Target 2 Investigates: Mercury spills in Wis. more common than you think

BROWN COUNTY, Wis. (WBAY) — After a mercury spill at Lincoln Elementary in Green Bay December 6, many of you have asked us, what’s the big deal about mercury, and is this rare?
Target 2 started investigating and discovered there have been hundreds of mercury incidents or spills in Wisconsin, but often times the public doesn’t know about them.
We dug through records and databases from the Wisconsin DNR, which tracks mercury spills and incidents.
The mercury spill at Lincoln Elementary in Green Bay marks the third such spill in the state in 2016, according to the DNR.
The agency tells Target 2 the others this year happened in southern Wisconsin.
Since 1987, the DNR reports 243 mercury spills statewide. (Two cases, including the Green Bay school spill, are still open and do not register on the DNR’s public database.)
Forty-four of those spills happened in Northeast Wisconsin since the late 1980s.
Nine happened at schools, on a bus or at a college or university.

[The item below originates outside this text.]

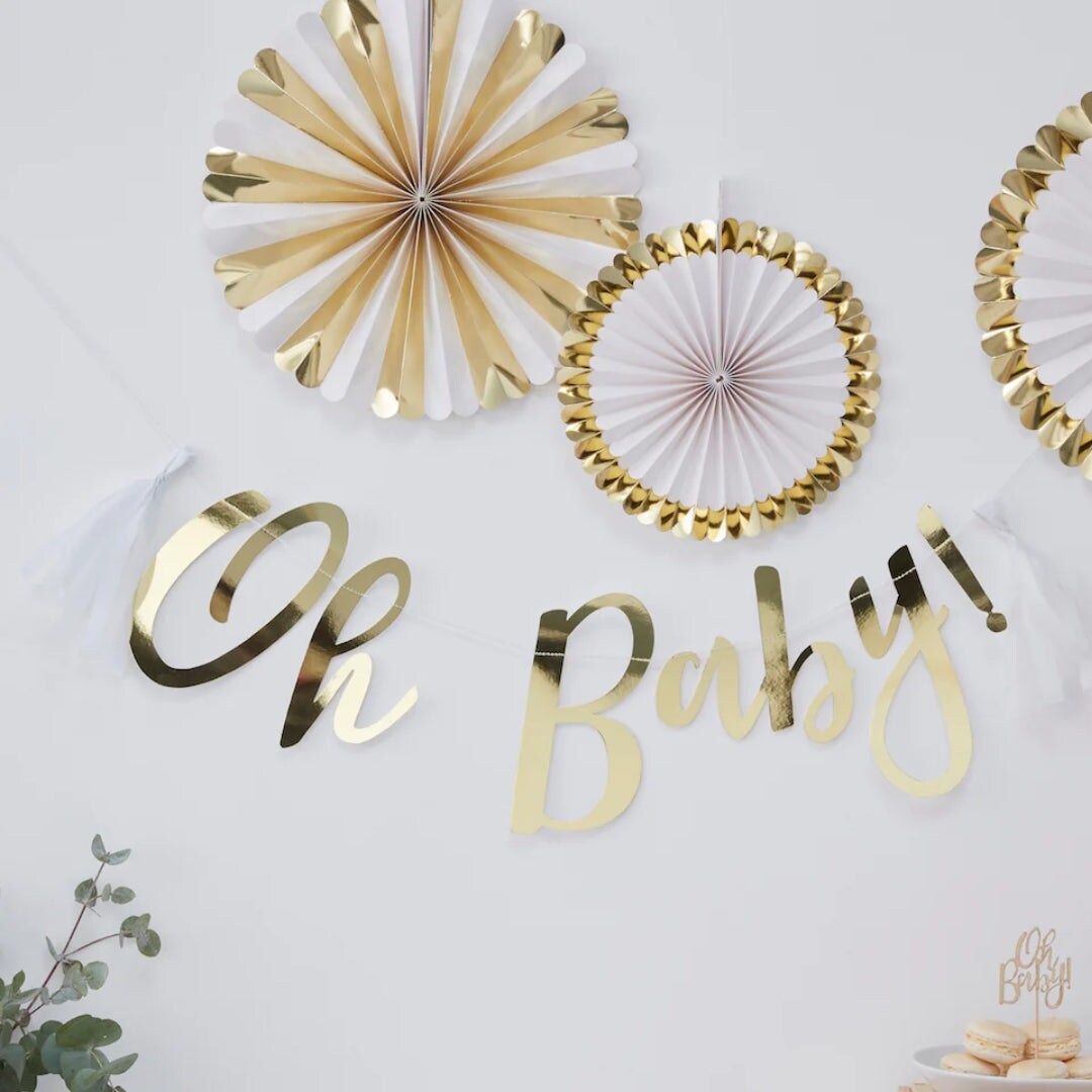 Oh Baby Gold Script Garland Banner – Elegant Baby Shower Party Decoration, 6.5x6.5in, Gender Reveal Décor

The most memorable may be an incident in 1999 at Green Bay East High School, when students found mercury at the school, put it in squirt bottles and sprayed each other with it.
Since then, the DNR tells Target 2, it’s been working hard to educate the community, especially schools, about the dangers of mercury.
As we searched hundreds of pages of documents, we found mercury spills in a lot of other places, too.
There was one at the DNR’s own fish hatchery in Wild Rose in 2005 when a thermometer broke.
We found three spills reported at hospitals or clinics in this area from medical equipment breaking.
There was one at the prison in Redgranite in 2007 where mercury spilled from a computer.
About a dozen more came from accidents at industrial sites, mostly involving a broken jar or some kind of equipment containing mercury.
The majority around Northeast Wisconsin, though — 14 that Target 2 found — happened in residential settings, often involving kids playing with mercury they discovered.
As people learn the dangers of breathing in mercury vapors, including shortness of breath, nausea and vision problems, the DNR thinks the general public does take it more seriously now than even a few years ago.
“There’s been a lot of efforts since the early to mid-90s to work with schools across the state of Wisconsin, through DPI, and other sources, to have all mercury removed out of switches, our of science labs, not only at schools, but at hospitals, and really have elemental mercury taken out of the community, so that we don’t have more incidents like this,” says Roxanne Chronert, DNR Northeast Region Remediation and Redevelopment Team Supervisor.
But even the DNR was surprised that the number of mercury spills year to year hasn’t changed much between 2000 and 2015. It tells Target 2 there were about 10 incidents in 2000 compared to about nine in 2015.
That may be because mercury is still all around us, in products like light bulbs, our cars and thermostats.